WHAT TO DO: Leaving out the pictures, return each line of the entries from the first through the line with "I Compressor Fan", and only those lines.

[Extracted records]
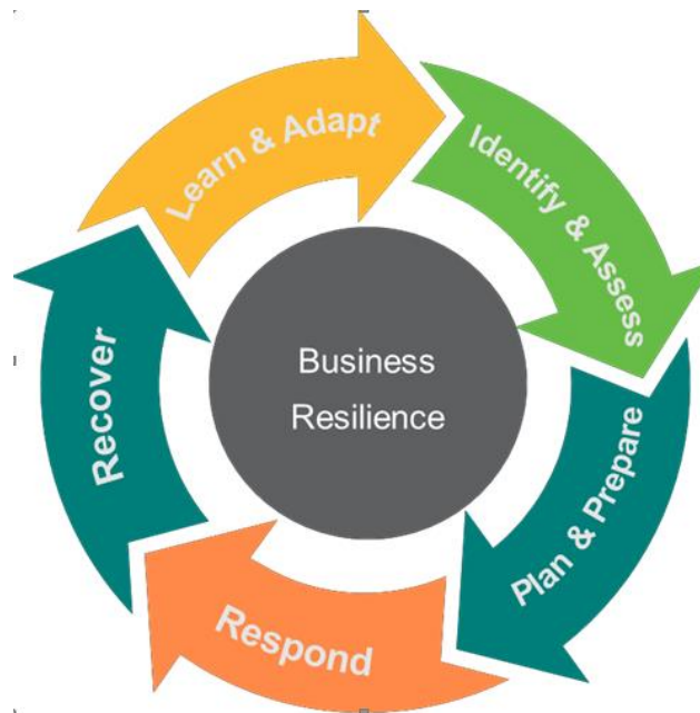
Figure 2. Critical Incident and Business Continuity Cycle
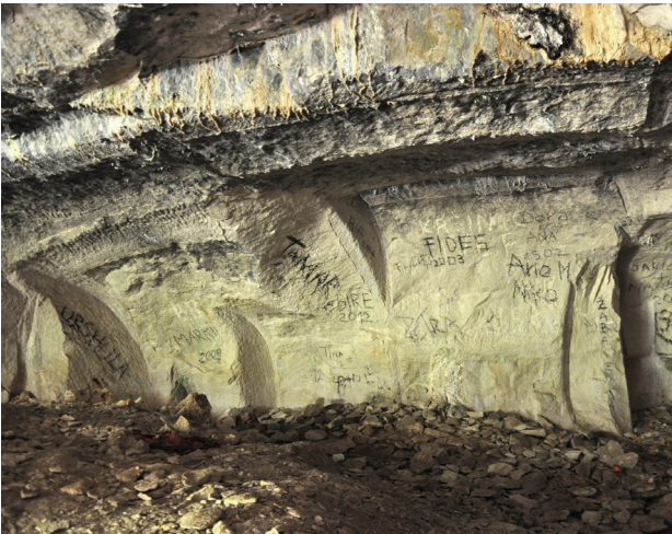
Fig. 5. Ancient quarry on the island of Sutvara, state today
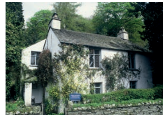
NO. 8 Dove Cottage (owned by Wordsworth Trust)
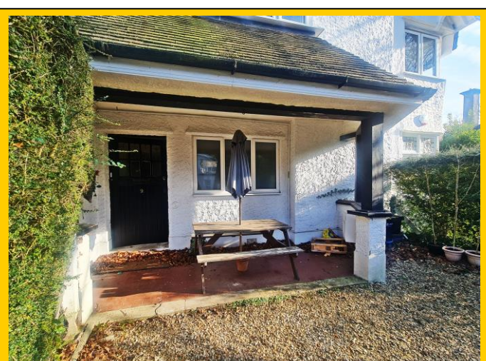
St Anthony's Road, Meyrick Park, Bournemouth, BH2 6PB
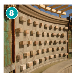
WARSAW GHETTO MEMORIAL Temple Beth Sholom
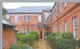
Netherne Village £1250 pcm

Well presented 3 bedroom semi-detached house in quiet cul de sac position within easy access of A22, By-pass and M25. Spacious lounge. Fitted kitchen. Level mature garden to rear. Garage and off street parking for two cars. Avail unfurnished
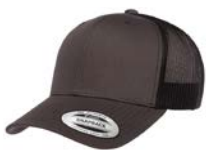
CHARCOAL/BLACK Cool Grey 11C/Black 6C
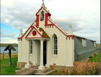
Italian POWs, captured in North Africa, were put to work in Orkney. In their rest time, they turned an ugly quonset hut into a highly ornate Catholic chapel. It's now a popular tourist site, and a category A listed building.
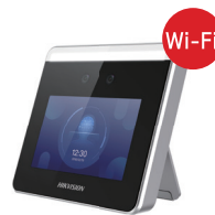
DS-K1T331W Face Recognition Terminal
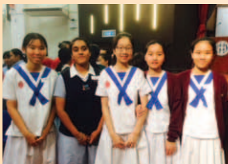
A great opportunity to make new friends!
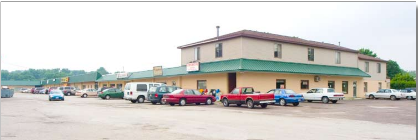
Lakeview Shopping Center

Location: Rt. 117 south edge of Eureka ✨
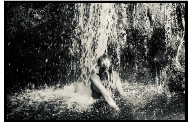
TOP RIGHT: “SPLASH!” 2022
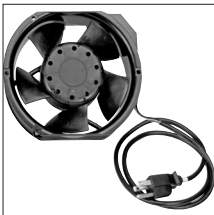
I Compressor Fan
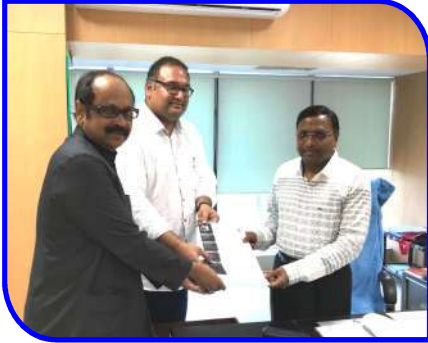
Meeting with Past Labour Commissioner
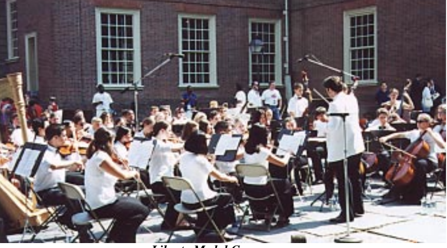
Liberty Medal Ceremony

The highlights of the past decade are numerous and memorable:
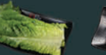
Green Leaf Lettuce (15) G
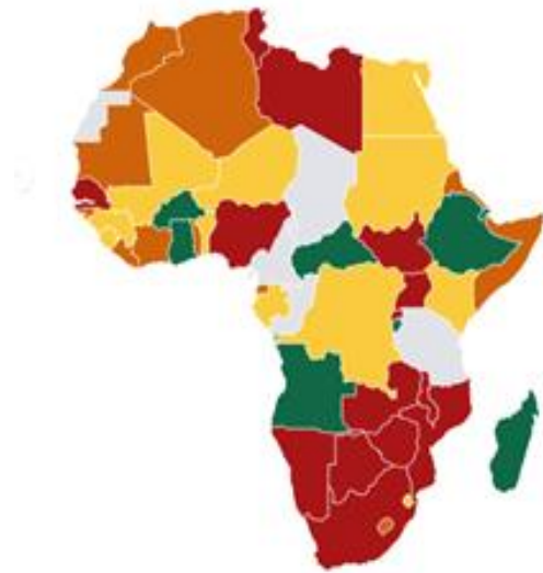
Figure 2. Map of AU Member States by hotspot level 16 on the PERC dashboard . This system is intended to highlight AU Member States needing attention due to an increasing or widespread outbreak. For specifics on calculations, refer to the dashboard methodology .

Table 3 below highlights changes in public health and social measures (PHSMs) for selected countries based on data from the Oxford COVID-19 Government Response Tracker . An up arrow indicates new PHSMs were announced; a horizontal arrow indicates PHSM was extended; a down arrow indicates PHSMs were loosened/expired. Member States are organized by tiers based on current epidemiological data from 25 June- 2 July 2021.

RESULT FOR THIS EXERCISE:
Figure 2. Critical Incident and Business Continuity Cycle
Fig. 5. Ancient quarry on the island of Sutvara, state today
NO. 8 Dove Cottage (owned by Wordsworth Trust)
St Anthony's Road, Meyrick Park, Bournemouth, BH2 6PB
WARSAW GHETTO MEMORIAL Temple Beth Sholom
Netherne Village £1250 pcm

Well presented 3 bedroom semi-detached house in quiet cul de sac position within easy access of A22, By-pass and M25. Spacious lounge. Fitted kitchen. Level mature garden to rear. Garage and off street parking for two cars. Avail unfurnished
CHARCOAL/BLACK Cool Grey 11C/Black 6C
Italian POWs, captured in North Africa, were put to work in Orkney. In their rest time, they turned an ugly quonset hut into a highly ornate Catholic chapel. It's now a popular tourist site, and a category A listed building.
DS-K1T331W Face Recognition Terminal
A great opportunity to make new friends!
Lakeview Shopping Center

Location: Rt. 117 south edge of Eureka ✨
TOP RIGHT: “SPLASH!” 2022
I Compressor Fan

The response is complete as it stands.